SHC Questions Where $70m for Girls’ Education Go. Yes, That’s $70 Million!


The Sindh High Court (SHC) has directed the federal government to provide details of how a US pledge of $70 million, or over Rs 7 billion, meant for girls’ education in Pakistan has been utilised.

The grant was pledged by former US first lady Michelle Obama in July 2016 during a ceremony marked to launch the “Let Girls Learn” programme. Maryam Nawaz, daughter of former prime minister Nawaz Sharif, had been the signatory from the Pakistani side.

According to the programme, Michelle had pledged $70 million for the “Let Girls Learn” initiative. The amount was meant to be utilised for educating girls across Pakistan, help build new schools and renovate hundreds of existing schools, affecting more than 200,000 girl students across the country.
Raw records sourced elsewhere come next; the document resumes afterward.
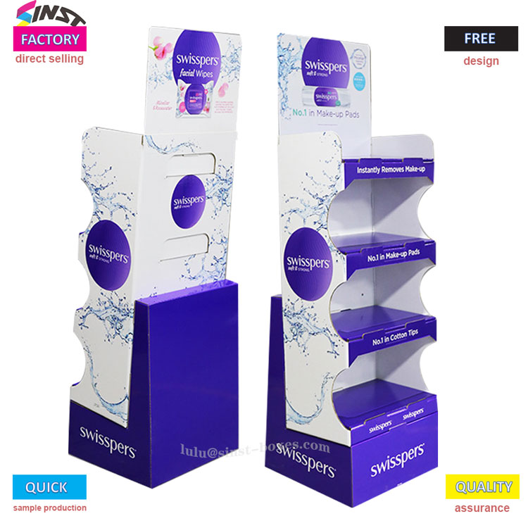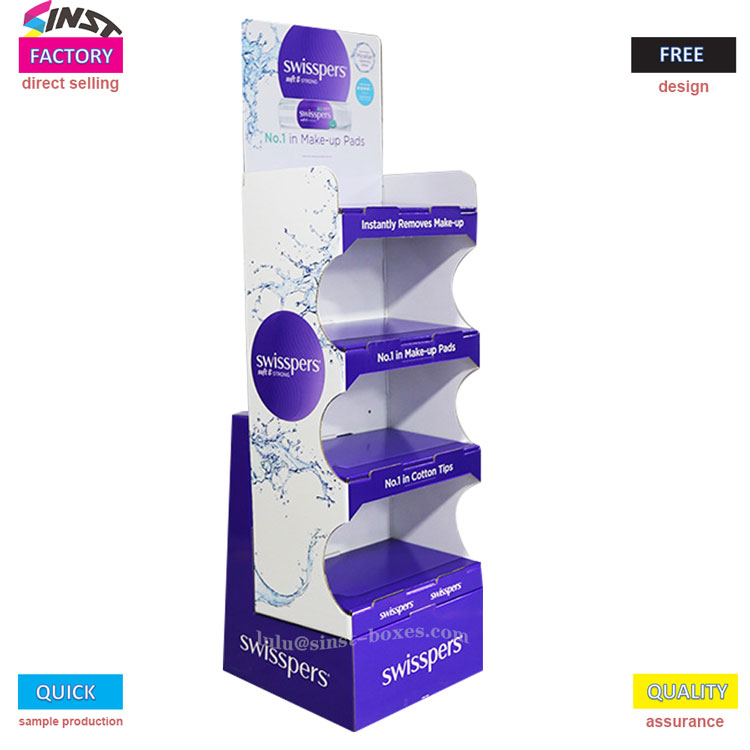 Vårt displaystativ for våtservietter har et stort vannspraymønster trykt på forsiden, samt et lilla ovalt område. De nedre lagene av partisjoner er merket med lilla tagger som leser "Rask sminkefjerning", "Top Makeup Cotton Sales" og "Top Cotton Swab Sales". Etikettene nederst er små i størrelsen, men de er alle produktfordeler.
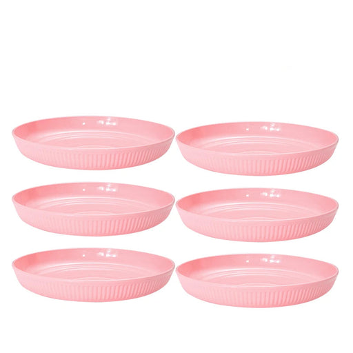 2 / 4 / 6 Piece Reusable Pink Striped Dining Table Plates
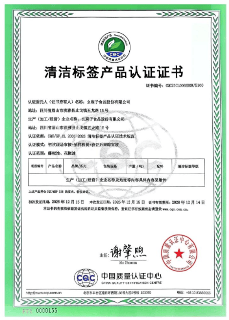 近日,幺麻子食物股份无限公司的藤椒油取花椒油系列产物,成功获得“洁净标签产物认证”0级认证。
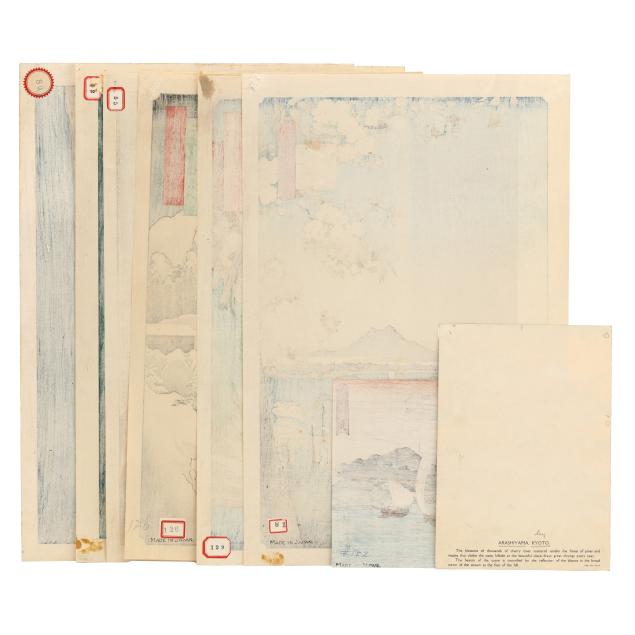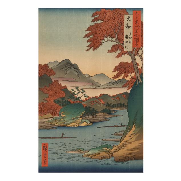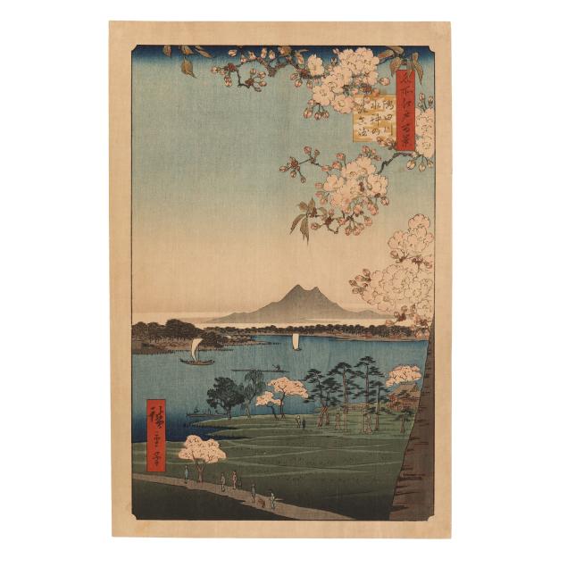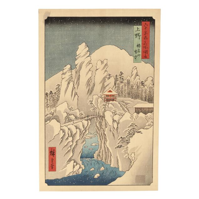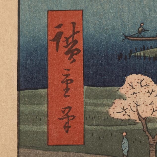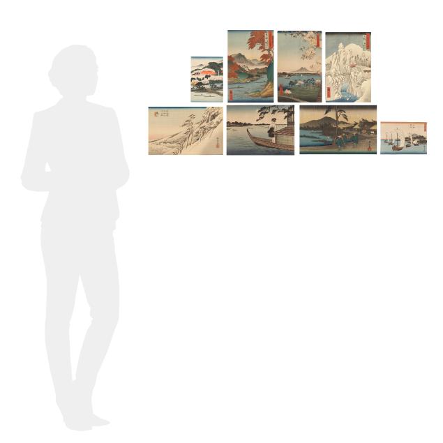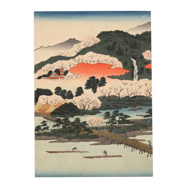 Mid 20th century, includes vintage reproduction prints from some of Hiroshige's famous series: to include a print from "Famous Places in the Sixty-odd Provinces," a print of cherry blossoms from the 1830-32 series "One Hundred Famous Views of Edo," two prints from the 1830s series "The Sixty-nine Stations of the Kisokaido," a print of
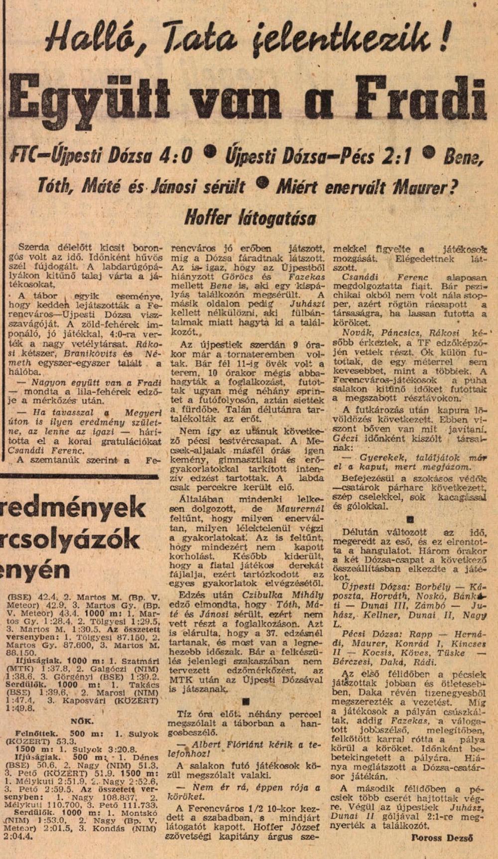 Kategória: 1970/71 | Címke: 1970/71, edzőmérkőzés, Újpest (Újpesti Dózsa; Bp. Dózsa; UTE)
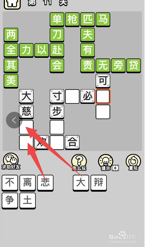 然后选择还没有填写的当作语中最左侧的当作语下面的两个空格,然后点击底部的列表内的“大”字和“悲”字,这样就完当作了当作语“大慈大悲”了。
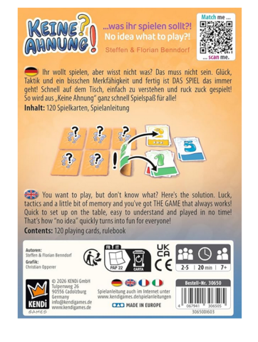 Ihr wollt spielen, wisst aber nicht was? Das muss nicht sein. Glück, Taktik und ein bisschen Merkfähigkeit – und fertig ist das Spiel, das immer geht! Schnell auf dem Tisch, einfach zu verstehen und ruckzuck gespielt! So wird aus „Keine Ahnung“ ganz schnell Spielspaß für alle!
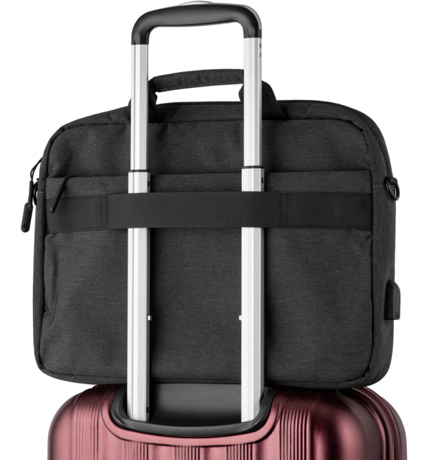 Карман для аксессуаров на передней панели с размерами 31*8 см и горизонтальной молнией; На фронтальной части ещё один карман, с вертикальным входом, имеет размеры 32*28 см габариты входа ограничиены длинной молнии 22см в котором можно разместить ключи, блокнот, мелкие полезные аксессуары, и даже зонт, и полутора литровую бутылку воды. На задней стенке сумки фикстор на телескопическю ручку чемодана. А над ним ещё один карман, так называемый газетный отсек.
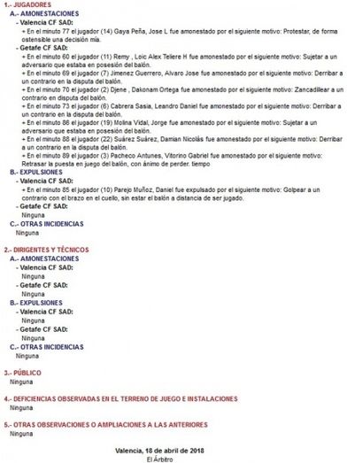 "En el minuto 85 el jugador (10) Parejo Muñoz, Daniel fue expulsado por el siguiente motivo: Golpear a un contrario con el brazo en el cuello, sin estar el balón a distancia de ser jugado".
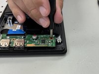 • Use a Phillips #00 screwdriver to remove the one 4 mm screw on the left speaker.
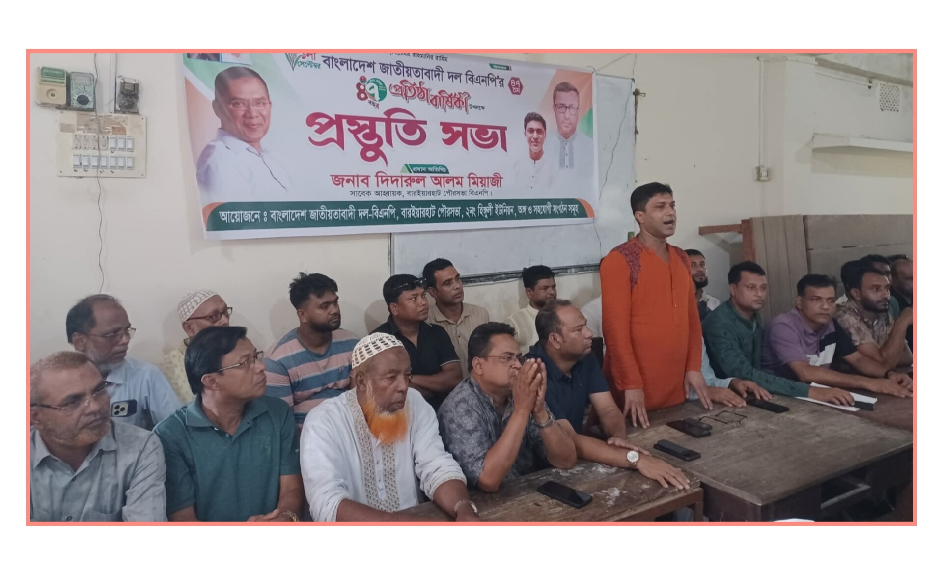 স্টাফ রিপোর্টার ; বাংলাদেশ জাতীয়তাবাদী দল বিএনপি’র ৪৭তম প্রতিষ্ঠাবার্ষিকী উদযাপন উপলক্ষে শনিবার সকালে বারইয়ারহাট ডিগ্রি কলেজ মিলনায়তনে বারইয়ারহাট পৌর বিএনপি ও হিঙ্গুলী ইউনিয়ন বিএনপি ও দলের সহযোগী অঙ্গ সংগঠনের আয়োজনে এক প্রস্তুতি সভা অনুষ্ঠিত হয়েছে।

The SHC passed the directive while hearing a petition regarding the programme. The petitioner requested the court direct National Accountability Bureau to investigate whether an embezzlement of funds had taken place.


The petitioner named Nawaz Sharif, Maryam Nawaz and federal authorities as respondents, maintaining that no progress had apparently taken place with regards to the initiative. The petition said that it needed to be found if the project had been halted altogether or the funds completely embezzled, as no practical steps had been seen taken to further the objectives of the Let Girls Learn programme.

The petitioner also prayed the court to direct federal authorities to explain the capacity in which Maryam signed the agreement with Michelle Obama at the White House.

A federal law officer informed the court that the respondents, including Finance Ministry, Maryam and NAB, had been asked to submit replies, but a response was awaited, seeking additional time to submit the replies. Adjourning the hearing, the court directed the deputy attorney-general to submit a response by October 16.

Given the rather unimpressive record of capitalisation of such funds for the actual cause, we sincerely hope the project has remained on hold until now. For if that isn’t the case, then the country has unfortunately added to the long list of failed projects that had the potential to change the fortunes of our future generations. With Pakistan consistently lagging behind in terms of literacy in general and female literacy in particular, potential misappropriations in such a massive project would indeed be a major lost opportunity. Not just for girls deprived of the chance to receive education, but for millions of Pakistani children that will be born to these, unfortunately, uneducated mothers.